START RECORDS PROVIDED
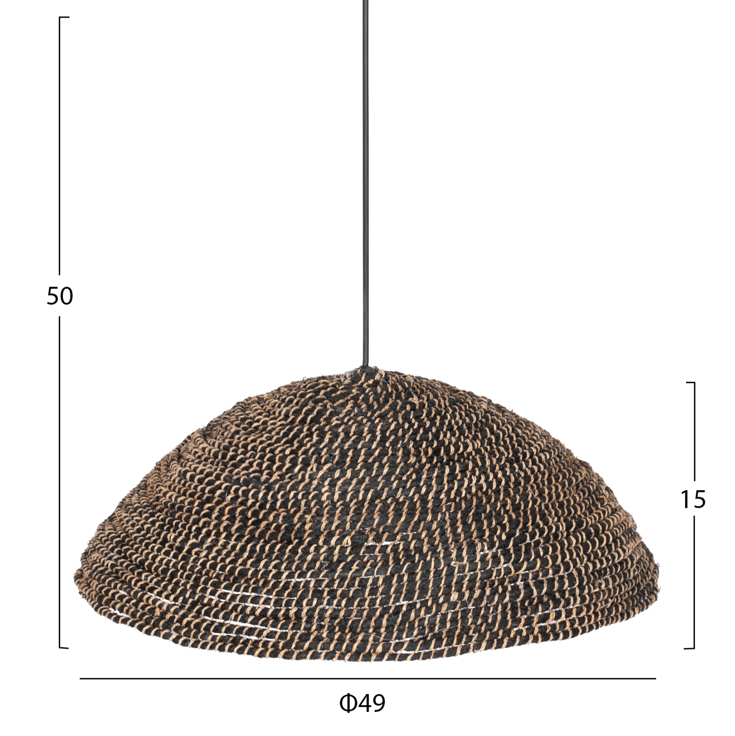 FB97783- Kρεμαστό φωτιστικό---- Αν επιθυμείτε να διακοσμήσετε το χώρο σας με ένα φωτιστικό σε boho στυλ, αυτό είναι η πιο σωστή επιλογή. Είναι ένα μονόφωτο φωτιστικό και για επαγγελματική χρήση, με φαρδύ «καπέλο» σε ανοιχτό σχήμα και μαύρο χρώμα, φτιαγμένο από σκοινί, υψηλής ποιότητας και αντοχής στο χρόνο.
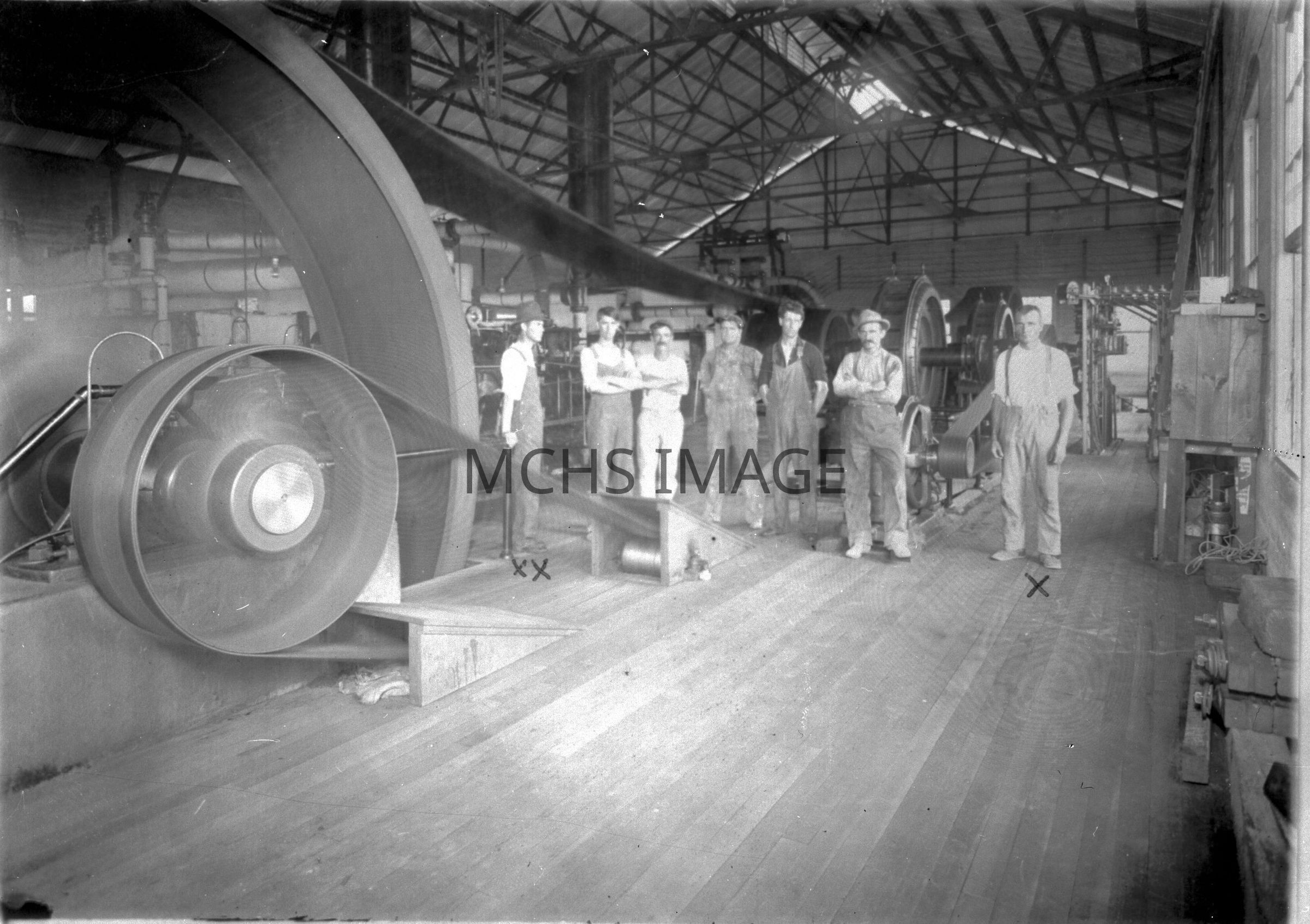 An interior view of the Power Company. Seven men dressed in work clothes are standing near the main flywheel for the shafting which drove the generators. Andy Devine (Front Street) and 1st St.Collection
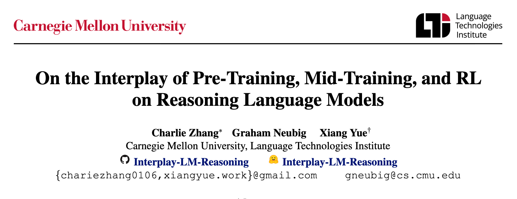 论文标题:On the Interplay of Pre-Training, Mid-Training, and RL on Reasoning Lan
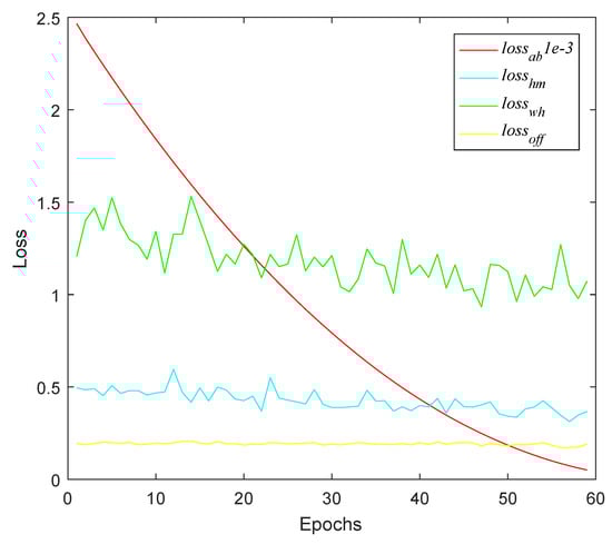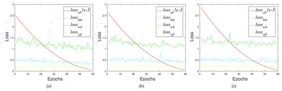 Figure 6 shows the change curves of the loss function during absorption training. According to the analysis of Equation (3) in Section 3.3, the , , and are indicators of network detection performance, while indicates how much the selected filters contribute to the network. As shown in Figure 6, during the absorption training process, decreased rapidly while , , and only fluctuated within a small range. These results indicate that the selected filters rapidly lost their effect while the network performance was almost unchanged. It appears that the rest of the network absorbed the knowledge in the selected filters. It is worth mentioning that, in order to clearly show the changes in the four losses in the same figure, was multiplied by a factor of 1 × 10−3.
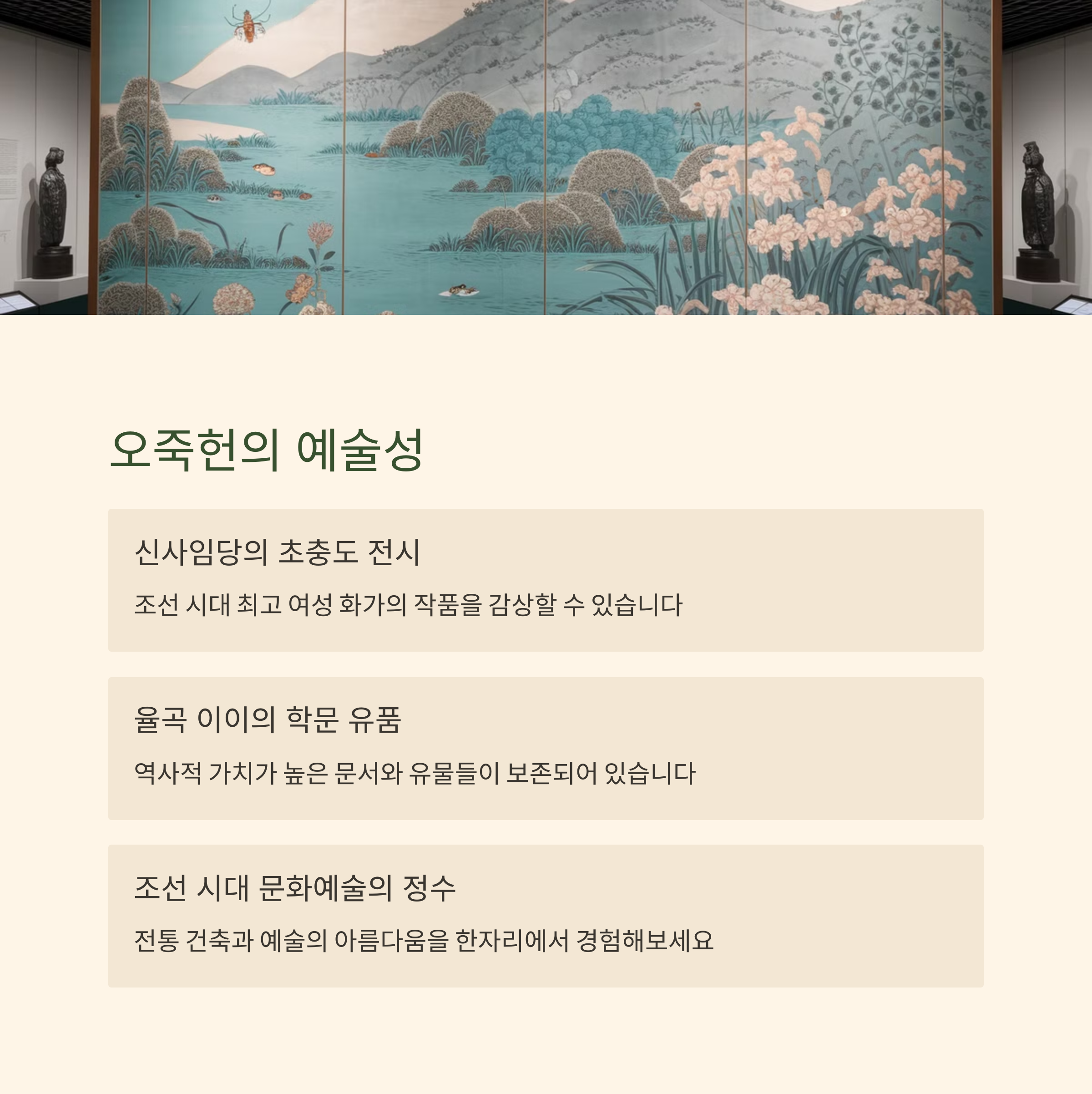 오죽헌은 조선의 위대한 학자 율곡 이이가 태어난 유서 깊은 장소예요. 연간 50만 명이 찾는 이곳(강릉시 문화재 관리소 통계)은 역사와 전통을 피부로 느낄 수 있는 공간이에요.
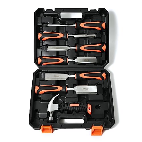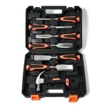 Rikopinの木工用ノミセットは、6mmから38mmまでのサイズが揃った6本組。木彫りや彫刻に最適で、ハンマーとホーニングガイドが付属。プロ仕様で、専用ケース入りで便利。
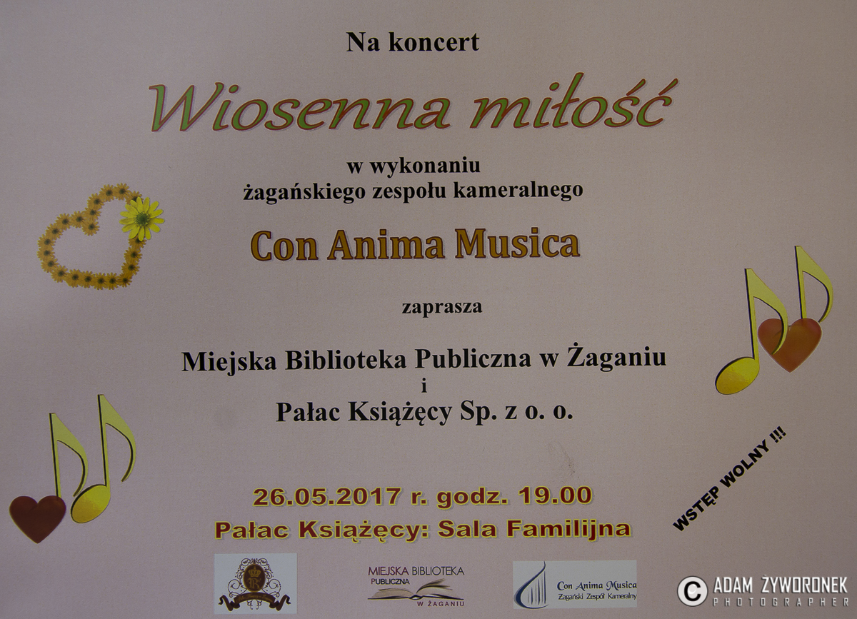 26.05.2017 r w sali Pałacu Książęcego w Żaganiu miał miejsce koncert Czas na wiosenną miłość w wykonaniu żagańskiego zespołu kameralnego Con Anima Musica.W koncercie wzieli udział uczestnicy delegacji z zaprzyjaźnionego miasta partnerskiego Saint-Omer we Francji, z burmistrzem Fracois Decoster i jego zastępcą.
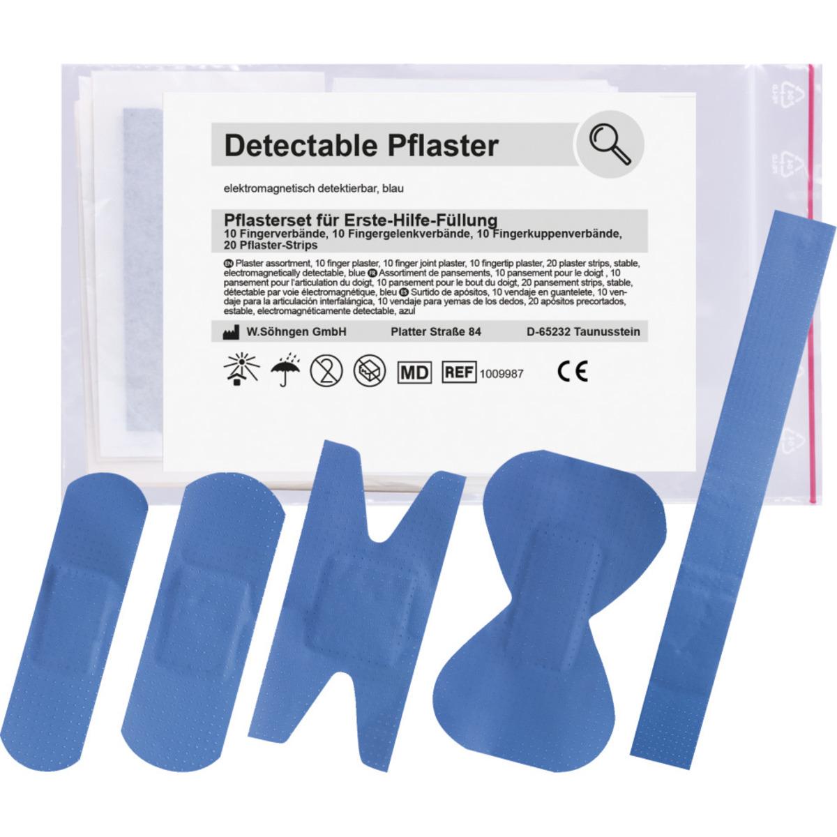 SÖHNGEN® detectables Pflasterset für die Lebensmittelindustrie. Durch eingearbeitete Metallfäden und die auffällige blaue Farbe sind die Pflaster gut zu erkennen oder maschinell detektierbar.
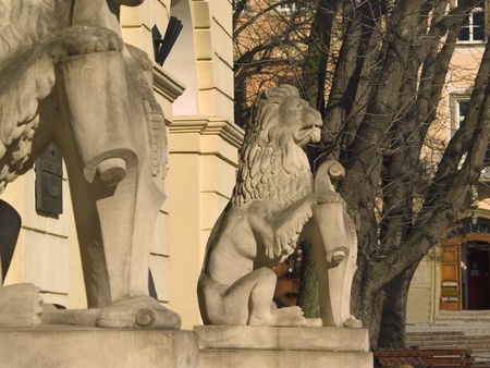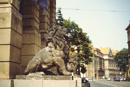 Ukraine, Lviv, historical lion sculpture, symbol of the city
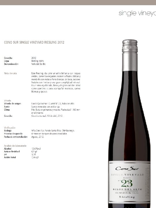 Nº VINO PAIS AÑO ALCOHOL 1 2 CONO SUR PRINZ VON PREUSSEN MITCHEL DOPFF & IRON FELTON ROOD HIRSCH CHILE ALEMANIA 2012 AUSTRALIA ALSACIA NUEVA ZELANDA AUSTRIA 3 4 5 6 ACIDEZ TOTAL 7, 46 g/l 7, 6 g/l PRECIO 13, 6% 11, 5% AZUCAR PH RESIDUAL 6, 8 G/L 3, 08 8, 4 g/l 2010 12, 5% 15, 60 € 10, 81 € 2008 12% 14, 40 € 2004 12% ¿? ? ? 14, 40 € 12, 61 €
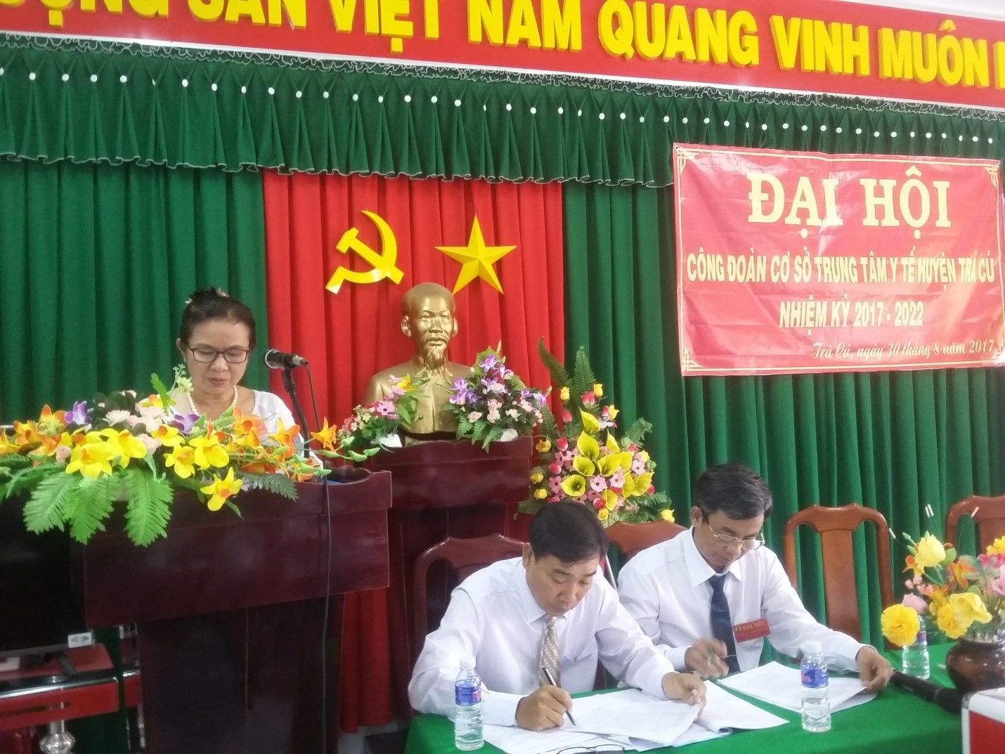 Đại hội đã nghe Đồng chí Trương Hữu Hòa trình bày báo cáo kết quả hoạt động của Công đoàn trong nhiệm kỳ 2013 – 2017. Trong nhiệm kỳ vừa qua, dưới sự Lãnh đạo của Chi bộ, Công đoàn cơ sở Trung tâm Y tế huyện Trà Cú đã hoàn thành tốt nhiệm vụ được giao. Nhìn chung, hoạt động công đoàn và phong trào Công đoàn đã bám sát Nghị quyết của Cấp ủy Đảng, chương trình công tác của Công đoàn cấp trên và gắn với nhiệm vụ chuyên môn của cơ quan. Các chế độ, chính sách của đoàn viên Công đoàn được lãnh đạo đơn vị thực hiện đầy đủ, nghiêm túc. Hàng năm, Ban Chấp hành Công đoàn phối hợp cùng Lãnh đạo đơn vị tổ chức Hội nghị cán bộ công chức và phát động phong trào thi đua, thực hiện Quy chế dân chủ… Công đoàn đơn vị luôn hưởng ứng các phong trào văn nghệ, thể dục, thể thao nhân kỷ niệm các ngày lễ lớn của cả nước, ngày thành lập ngành…
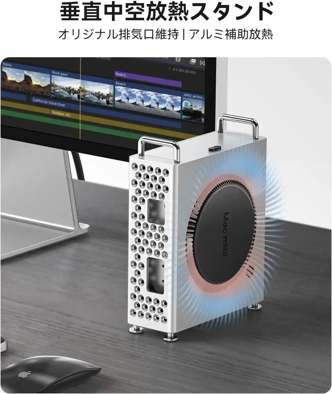Mac mini M4の底面吸気システムを考慮し、縦置きにすることで空気の流れを最適化。 アルミ筐体そのものがヒートシンクのような役割を果たし、長時間の高負荷作業でもパフォーマンスの低下を防ぎます。 |
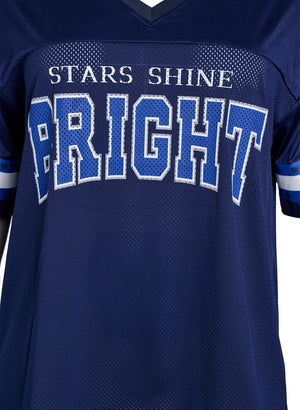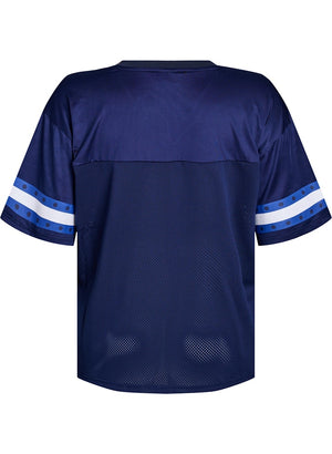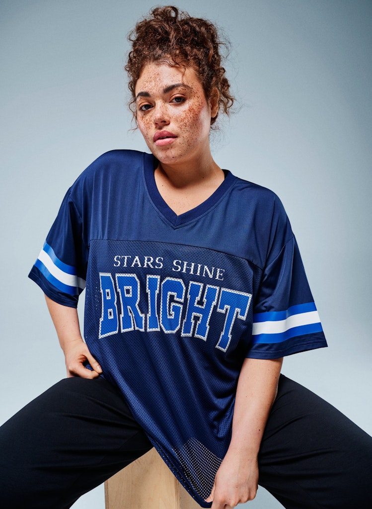 Bolurinn er víður í sniðinu með V-hálsmál lausar hálfar ermar og skemmtilegu háskóla bola útliti.
END RECORDS PROVIDED
## WHAT IS BEING ASKED
Repeat exactly the lines above, beginning at the one containing "An interior view" and ending at the one containing "26.05.2017 r w". Do not carry over any pictures.

## RESULT OF THE TASK
 An interior view of the Power Company. Seven men dressed in work clothes are standing near the main flywheel for the shafting which drove the generators. Andy Devine (Front Street) and 1st St.Collection
 论文标题:On the Interplay of Pre-Training, Mid-Training, and RL on Reasoning Lan
 Figure 6 shows the change curves of the loss function during absorption training. According to the analysis of Equation (3) in Section 3.3, the , , and are indicators of network detection performance, while indicates how much the selected filters contribute to the network. As shown in Figure 6, during the absorption training process, decreased rapidly while , , and only fluctuated within a small range. These results indicate that the selected filters rapidly lost their effect while the network performance was almost unchanged. It appears that the rest of the network absorbed the knowledge in the selected filters. It is worth mentioning that, in order to clearly show the changes in the four losses in the same figure, was multiplied by a factor of 1 × 10−3.
 오죽헌은 조선의 위대한 학자 율곡 이이가 태어난 유서 깊은 장소예요. 연간 50만 명이 찾는 이곳(강릉시 문화재 관리소 통계)은 역사와 전통을 피부로 느낄 수 있는 공간이에요.
 Rikopinの木工用ノミセットは、6mmから38mmまでのサイズが揃った6本組。木彫りや彫刻に最適で、ハンマーとホーニングガイドが付属。プロ仕様で、専用ケース入りで便利。
 26.05.2017 r w sali Pałacu Książęcego w Żaganiu miał miejsce koncert Czas na wiosenną miłość w wykonaniu żagańskiego zespołu kameralnego Con Anima Musica.W koncercie wzieli udział uczestnicy delegacji z zaprzyjaźnionego miasta partnerskiego Saint-Omer we Francji, z burmistrzem Fracois Decoster i jego zastępcą.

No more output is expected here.